### [Assigned task]
Take the line with "Gráfico 2: Sentencias" and every line after it, through the end of the listing, and give them again exactly, pictures excluded.

### [Supplied records]
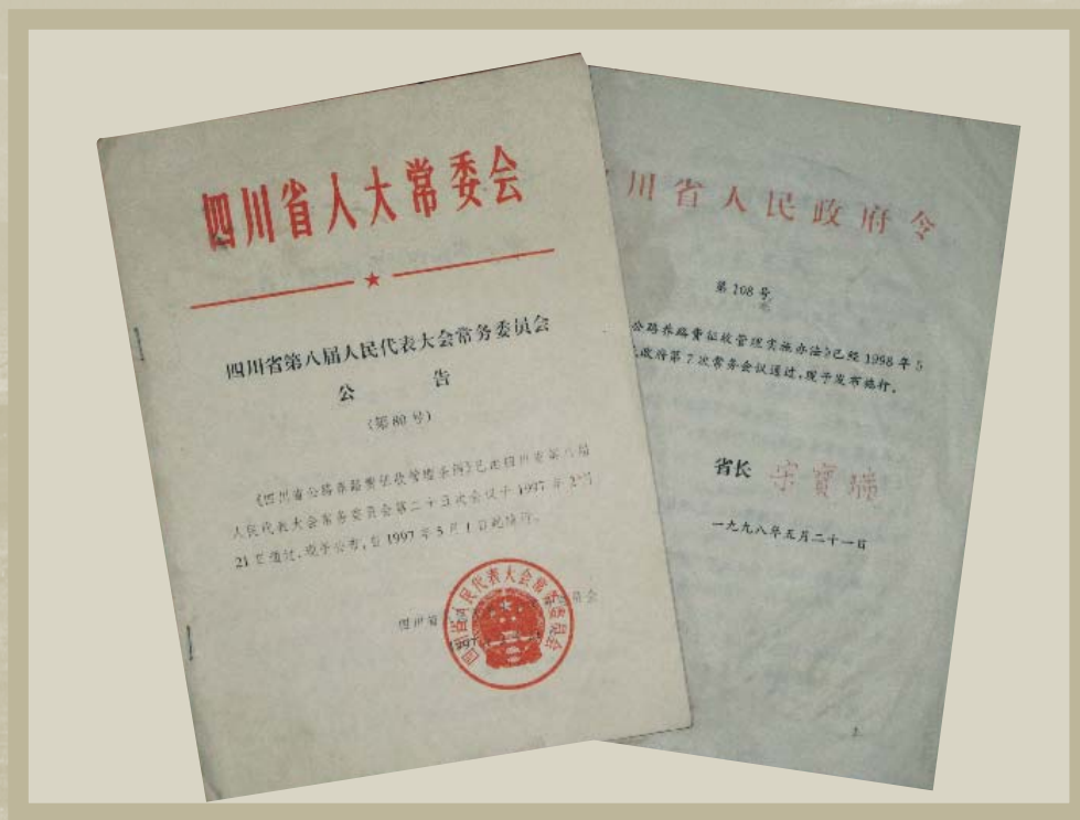
1997年2月四川省人大常委会公告（第80号）《四川省公路养路费征收管理条例》和1998年5月四川省人民政府令（第108号）《四川省公路养路费征收管理实施办法》。
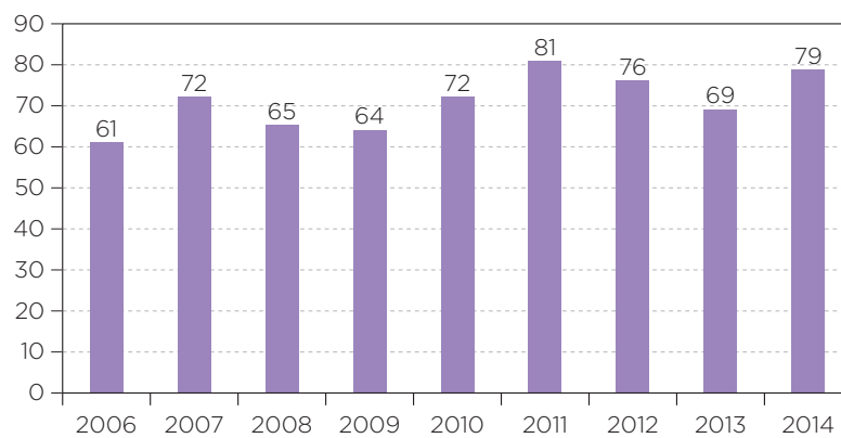
Gráfico 2: Sentencias de inadmisibilidad dictadas en requerimientos de INA, años 2006 a 2014.
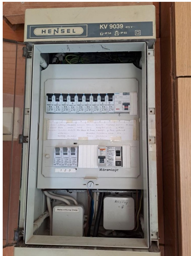
Teileinblick zur Elektrik
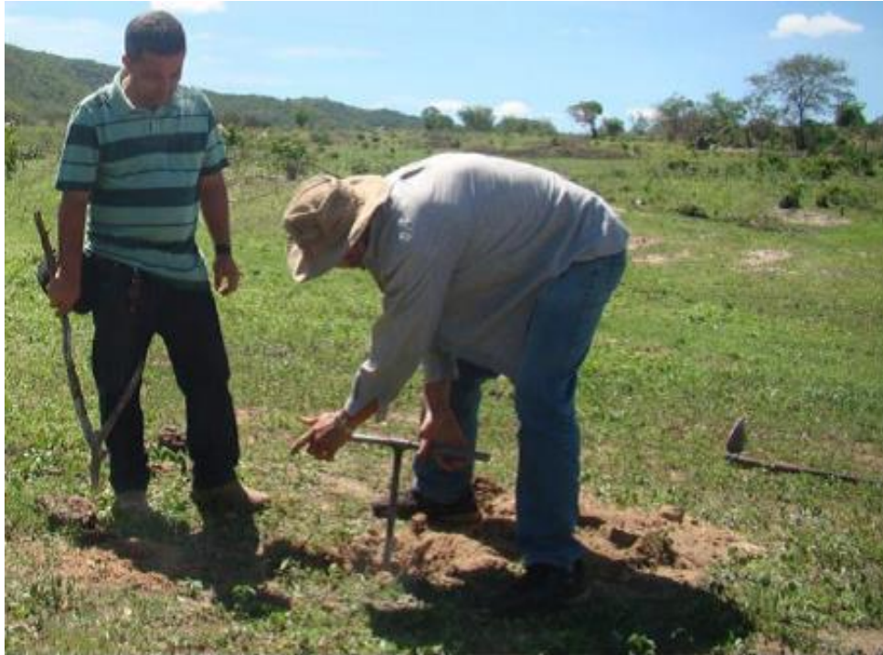
Figura 5: Locação e sondagem do solo

Se for constatado que o local é propício, deve-se fazer a limpeza do terreno.

### [Result for this task]
Gráfico 2: Sentencias de inadmisibilidad dictadas en requerimientos de INA, años 2006 a 2014.
Teileinblick zur Elektrik
Figura 5: Locação e sondagem do solo

Se for constatado que o local é propício, deve-se fazer a limpeza do terreno.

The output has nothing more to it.